→ **TASK DIRECTIONS**
Would you transcribe each entry precisely as it stands, setting aside any images?

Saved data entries
________________

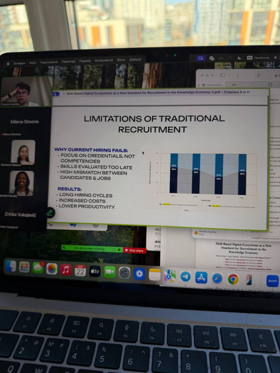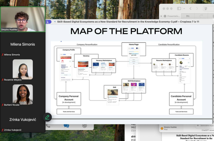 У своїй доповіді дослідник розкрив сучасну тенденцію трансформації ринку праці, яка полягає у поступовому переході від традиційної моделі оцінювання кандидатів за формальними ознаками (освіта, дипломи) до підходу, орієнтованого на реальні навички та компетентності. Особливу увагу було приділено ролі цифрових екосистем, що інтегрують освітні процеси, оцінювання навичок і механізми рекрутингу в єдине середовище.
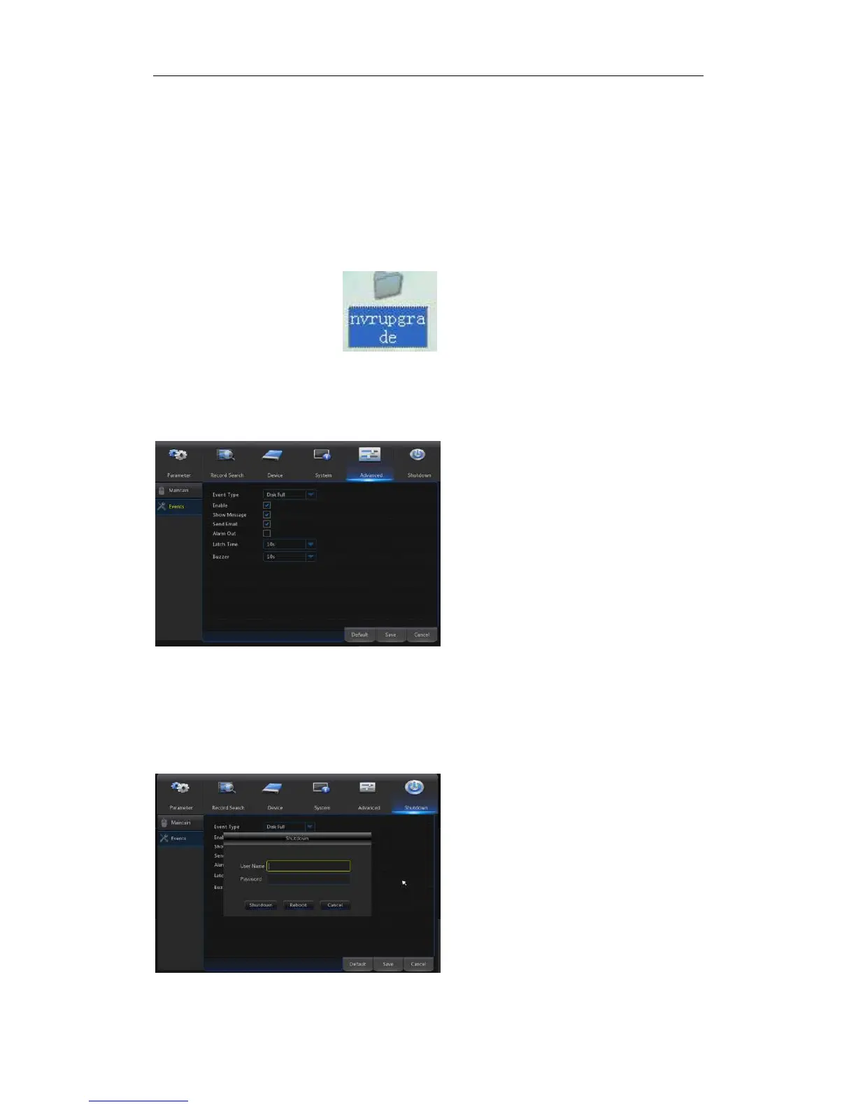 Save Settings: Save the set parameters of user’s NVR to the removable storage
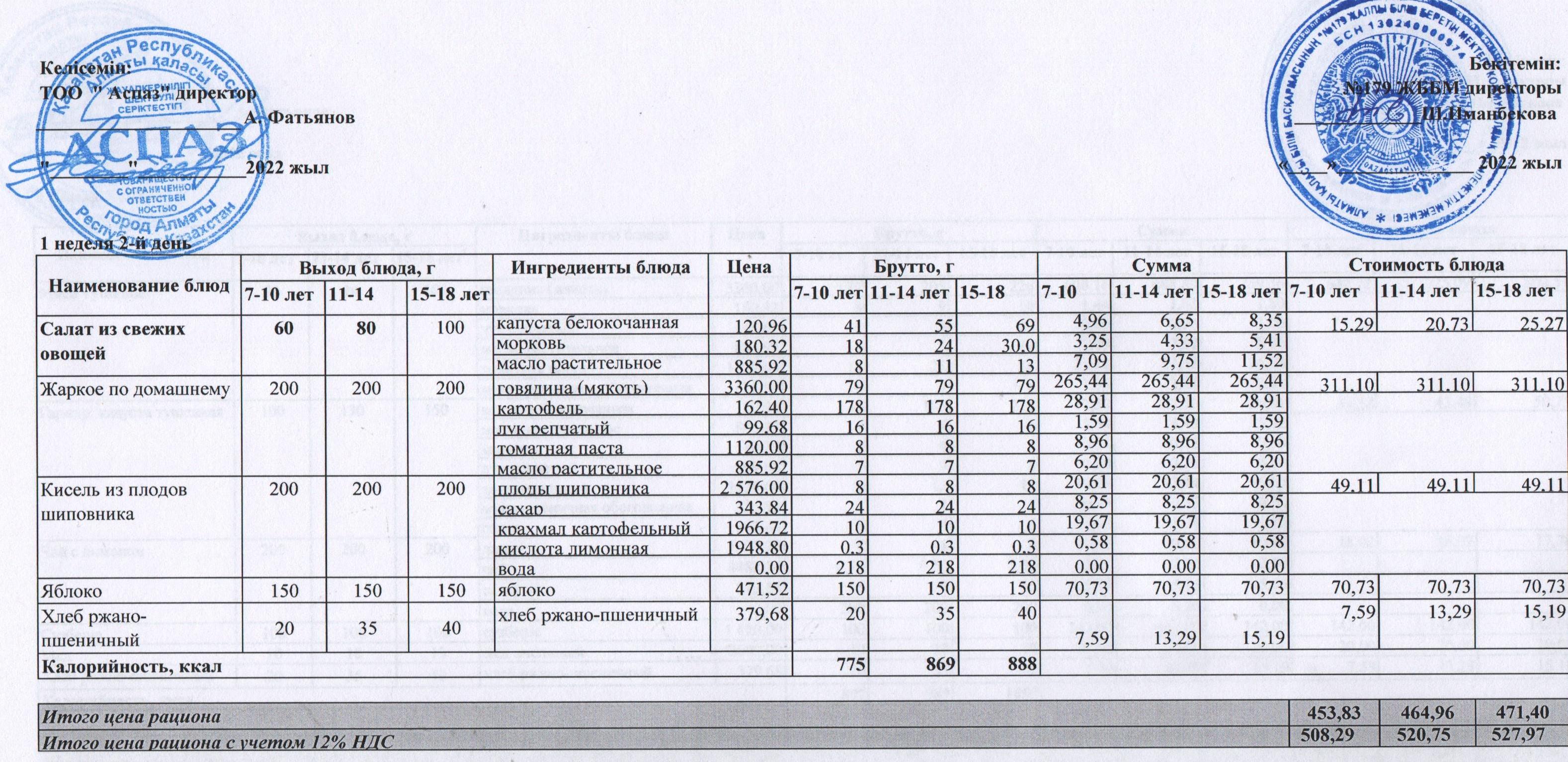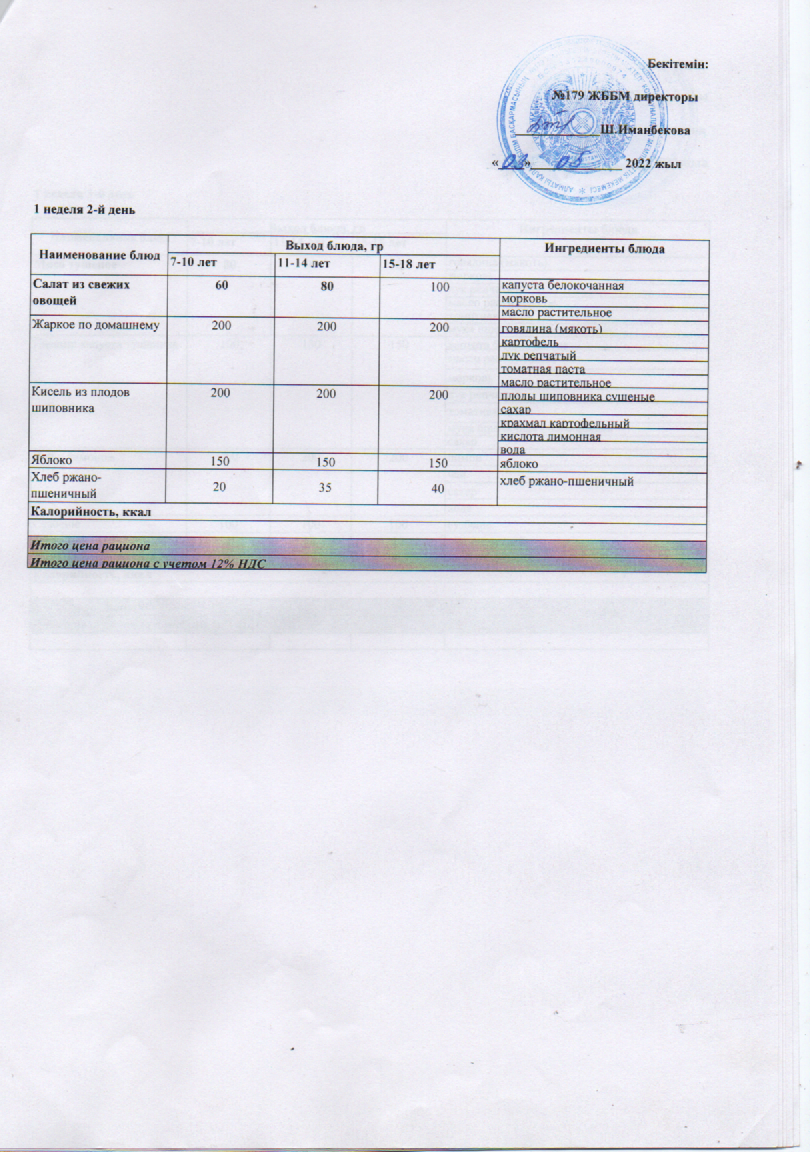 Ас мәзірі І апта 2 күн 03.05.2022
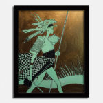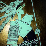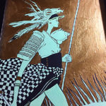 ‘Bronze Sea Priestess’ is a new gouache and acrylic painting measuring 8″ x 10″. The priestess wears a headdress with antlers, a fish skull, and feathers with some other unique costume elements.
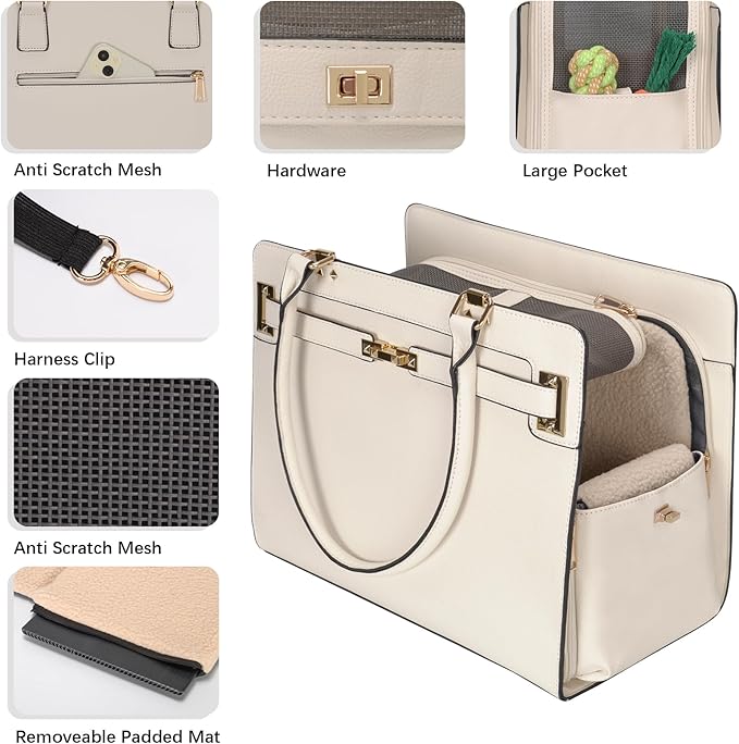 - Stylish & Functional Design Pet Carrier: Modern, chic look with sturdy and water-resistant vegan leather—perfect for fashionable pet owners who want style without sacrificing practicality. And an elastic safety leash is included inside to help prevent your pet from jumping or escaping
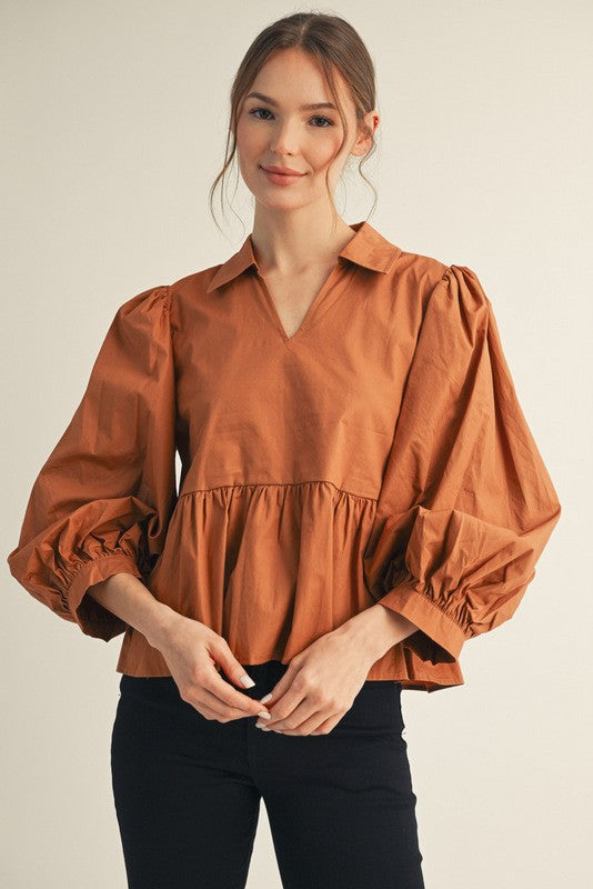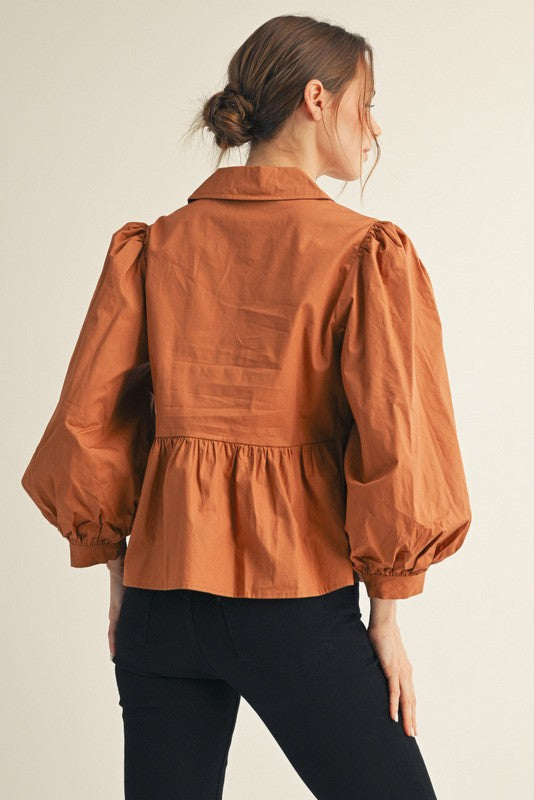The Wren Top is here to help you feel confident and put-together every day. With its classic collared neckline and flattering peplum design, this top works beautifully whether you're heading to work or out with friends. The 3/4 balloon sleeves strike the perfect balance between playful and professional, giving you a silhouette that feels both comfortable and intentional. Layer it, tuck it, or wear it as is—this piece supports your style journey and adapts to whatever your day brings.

________________

→ **EXERCISE OUTPUT**
 У своїй доповіді дослідник розкрив сучасну тенденцію трансформації ринку праці, яка полягає у поступовому переході від традиційної моделі оцінювання кандидатів за формальними ознаками (освіта, дипломи) до підходу, орієнтованого на реальні навички та компетентності. Особливу увагу було приділено ролі цифрових екосистем, що інтегрують освітні процеси, оцінювання навичок і механізми рекрутингу в єдине середовище.
 Save Settings: Save the set parameters of user’s NVR to the removable storage
 Ас мәзірі І апта 2 күн 03.05.2022
 ‘Bronze Sea Priestess’ is a new gouache and acrylic painting measuring 8″ x 10″. The priestess wears a headdress with antlers, a fish skull, and feathers with some other unique costume elements.
 - Stylish & Functional Design Pet Carrier: Modern, chic look with sturdy and water-resistant vegan leather—perfect for fashionable pet owners who want style without sacrificing practicality. And an elastic safety leash is included inside to help prevent your pet from jumping or escaping
The Wren Top is here to help you feel confident and put-together every day. With its classic collared neckline and flattering peplum design, this top works beautifully whether you're heading to work or out with friends. The 3/4 balloon sleeves strike the perfect balance between playful and professional, giving you a silhouette that feels both comfortable and intentional. Layer it, tuck it, or wear it as is—this piece supports your style journey and adapts to whatever your day brings.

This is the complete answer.